In June, researcher, theorist, and professor Mitja Velikonja embarked in Prizren for a talk on the socio-political agency of graffiti in the Balkans. Dr.Velikonja presented his most recent book “Post-Socialist Political Graffiti in the Balkans and Central Europe” which uses case studies of political graffiti in the post-socialist Balkans and Central Europe to explore the use of graffiti as a subversive political media. Following this presentation, Dr.Velikonja had a discussion with sociologist Tevfik Rada on the important role of graffiti on exhibiting the socio-political standpoints of subcultures in Prizren and wider.

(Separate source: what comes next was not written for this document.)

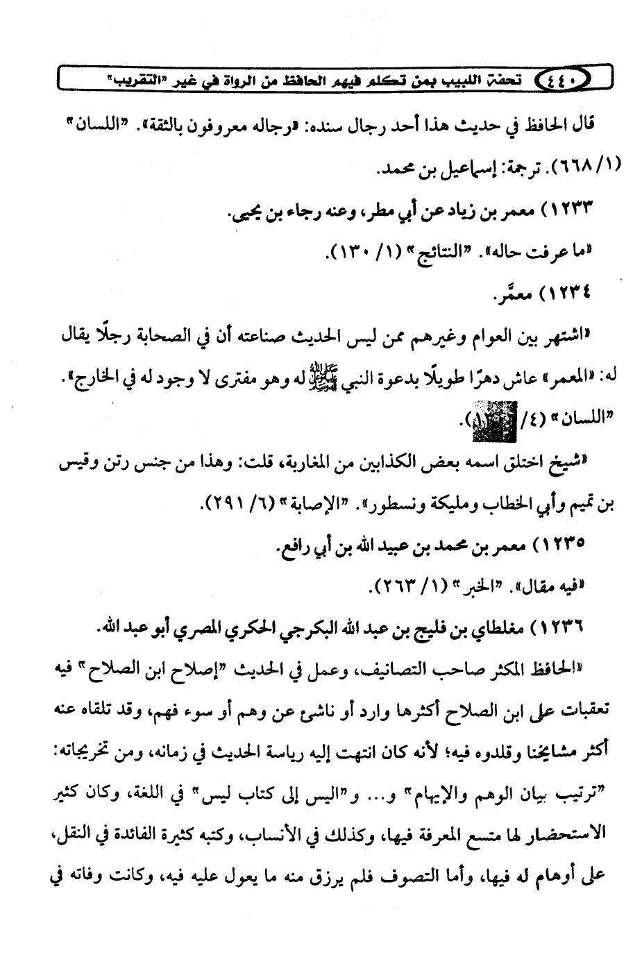 كتاب تحفة اللبيب بمن تكلم فيهم الحافظ ابن حجر من الرواة في غير «التقريب» (اسم الجزء: 2)

The Politics of Graffiti: Talk with Mitja Velikonja was supported by FfAI.
About the author:
Dr. Mitja Velikonja is a Professor for Cultural Studies and head of Center for Cultural and Religious Studies at University of Ljubljana, Slovenia. Main areas of his research include contemporary Central-European and Balkan political ideologies, subcultures and graffiti culture, collective memory and post-socialist nostalgia. His last monographs are The Chosen Few – Aesthetics and Ideology in Football-Fan Graffiti and Street Art (Doppelhouse Press, 2021), Post-Socialist Political Graffiti in the Balkans and Central Europe (Routledge, 2020, awarded as one of the best achievements of University of Ljubljana in the year 2020, already translated into Serbian and Albanian and in translation in Slovenian and Macedonian).
About the book:
Despite the increasing global digitisation, graffiti remains widespread and popular, providing with a few words or images a vivid visual indication of cultural conditions, social dynamics and power structures in a society, and provoking a variety of reactions. Using qualitative and quantitative methods, as well as detailed interdisciplinary analyses of “patriotic”, extreme-right, soccer-fan, nostalgic, and chauvinist graffiti and street art, it looks at why and by whom graffiti is used as political media, and to/against whom is it directed? The book theorises discussions of political graffiti and street art to show different methodological approaches from four sites of meaning: context, author, the work itself, and audience. It is of interest to the growing body of literature focussing on (sub)cultural studies in the contemporary Balkans, transitology, visual cultural studies, art theory, anthropology, sociology and studies of radical politics. The book was published first in English (2020), translated in Serbian (2020) and Albanian (2022) and will be published this year also in Slovenian and Macedonian.